To live is to suffer; to survive is to find some meaning in the suffering. - Friedrich Nietzsche

My journey, through suffering and seeing evil up close and personal, has lead me to encounter various philosophies and world-views. When I was young, if you had asked me if I was a Christian, I would have said “yes.“ But this was a culturally held view and in reality I flirted with more of a pantheism or Eastern world view. In this framework, there is really no such thing ultimately as good and evil. Everything is one (monism) and the appearance of individual persons and objects is an illusion. And God is beyond all descriptions and categories such as good and evil.

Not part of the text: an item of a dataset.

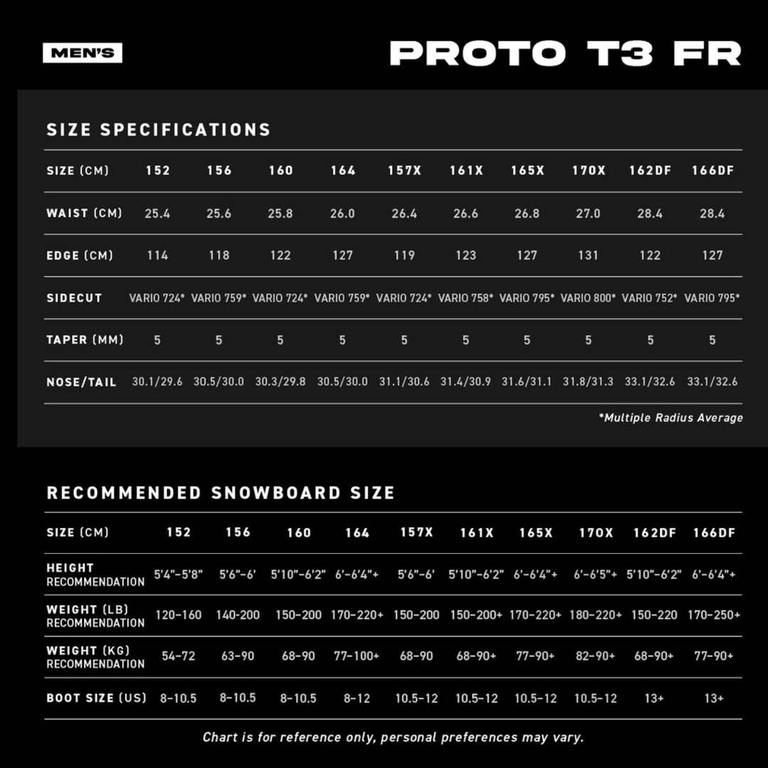 The 2026 Never Summer Men's Proto T3 FR seamless blends brand new Prototype 3 tech with the fan favourite Proto FR to create a hard charging board that loves to be ridden all over the mountain. This aggressive snowboard excels both on and off piste thanks to the tapered directional shape, stiffer flex pattern, and Triple Camber Hybrid profile, making it incredible responsive and able to handle whatever is in its way. The most innovative snowboard just got even better.

After attending a youth meeting though when I was 17, I was drawn to the love and acceptance of the group and decided to come regularly to their Friday night rallies. Being a slow learner, it took several months for me to truly understand that it wasn't enough for me to intellectually agree that Jesus died for my sins; I needed to willfully humble myself , acknowledging the evil and brokenness that resided in my heart and accept His sacrificial payment as my own.  As I grew in my new relationship with God, I saw two things more clearly: first, I truly am evil in many ways and secondly, His plan includes rooting out the evil in my heart and making everything, the entire broken universe, eventually new again.

I desperately needed to hang me hat on this hope as soon after I would be deeply impacted by two painful things. First, a week before I was to report to football camp at Miami University (Ohio) for my freshman year, one of my best friends, Kent, was killed in a freak accident. The youth group I had become part of decided to go on a hay ride; a Midwesterner's idea of a fun Saturday night. So, we load up a flat trailer bed with hay, hooked it to a tractor and headed out along some country roads. In the course of the evening, Kent was sitting next to me and lean forward to get a comb out of his back pocket. At just that moment, the trailer went over a bump and Kent fell off the trailer bed, somehow falling back under its wheel. The driver, hearing us scream for him to stop, pulled over after another 50 yards. Running to Kent's side, I knelt down and saw blood running from ears and nose and I knew that my friend had entered into God's presence.

About the same time, my oldest brother, Whit, was descending into alcoholism and drug use. He had begun some destructive practices when he was 17, but through four years in the navy after high school and a couple of years at Miami, Whit had completely embraced a party hard lifestyle; and he was a "mean" drunk who enjoyed taunting me and physically threatening me. These two things caused me to cry out to God to give me peace and to make things "right."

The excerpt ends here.